La sécurité des patients ne dépend donc plus seulement de l’expertise médicale, mais aussi de la fiabilité des technologies numériques qui les entourent.

 

Former, anticiper, gouverner

 

Face à ces enjeux, plusieurs leviers d’action apparaissent indispensables. Le premier est la formation. Beaucoup d’acteurs du monde de la santé (personnels soignants, administratifs, dirigeants) n’ont pas encore reçu de formation spécifique à la cybersécurité, et ignorent parfois les bonnes pratiques élémentaires : ne pas cliquer sur des liens suspects, ne pas utiliser des mots de passe faibles, signaler les comportements anormaux. Ensuite vient la gouvernance des systèmes d’information. Il est essentiel que les établissements de santé disposent de responsables cybersécurité dédiés, de plans de réponse aux incidents, de systèmes de sauvegarde robustes et régulièrement testés. Il s’agit de passer d’une posture réactive à une approche préventive et résiliente. Enfin, il faut un pilotage au niveau national, voire européen. Des initiatives telles que Mon espace santé, en France, ou le Health Data Hub, doivent intégrer des dispositifs de sécurité de haut niveau, et faire l’objet d’un contrôle démocratique quant à l’usage des données collectées.

 

Une culture de la sécurité à construire

 

Plus qu’un enjeu technique, la cybersécurité en santé exige un changement culturel. Il ne s’agit pas seulement de se protéger contre des attaques extérieures, mais de penser la sécurité comme un élément constitutif de la qualité des soins.
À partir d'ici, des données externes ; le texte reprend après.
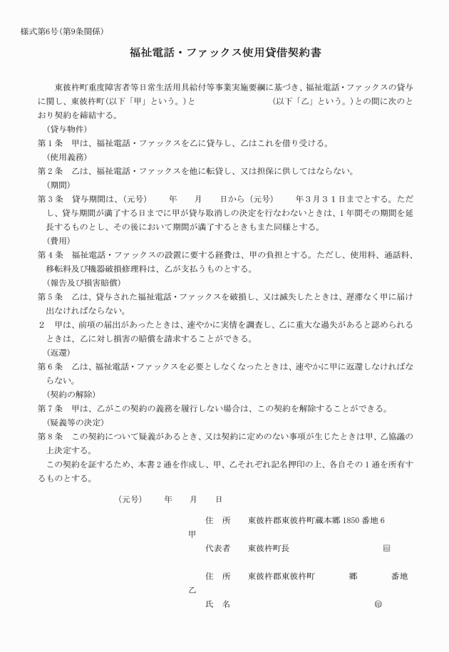 第9条 用具の貸与の決定を受けた者は、福祉電話・ファックス使用貸借契約書(様式第6号)によって町長と貸借の契約を締結し、用具の貸与を受けるものとする。

Une consultation bien menée, un diagnostic juste, un traitement efficace… tout cela peut être compromis si les outils numériques sont corrompus, inaccessibles ou mal utilisés. À l’heure où l’IA entre de plus en plus dans les processus de décision médicale, où les données de santé alimentent la recherche biomédicale, et où les parcours de soins se digitalisent, la cybersécurité devient un pilier fondamental de la santé du XXIe siècle. C’est une responsabilité partagée entre les soignants, les décideurs, les développeurs et les citoyens. Pour que le numérique reste une chance et non une menace, il est temps de faire de la cybersécurité en santé une priorité stratégique, humaine et collective. Dans cette perspective, l’ensIIE s’engage avec le lancement d’un Mastère Spécialisé (MS en deux ans) à partir de janvier 2026, accrédité par la CGE, consacré à la cybersécurité pour la santé (cybersanté).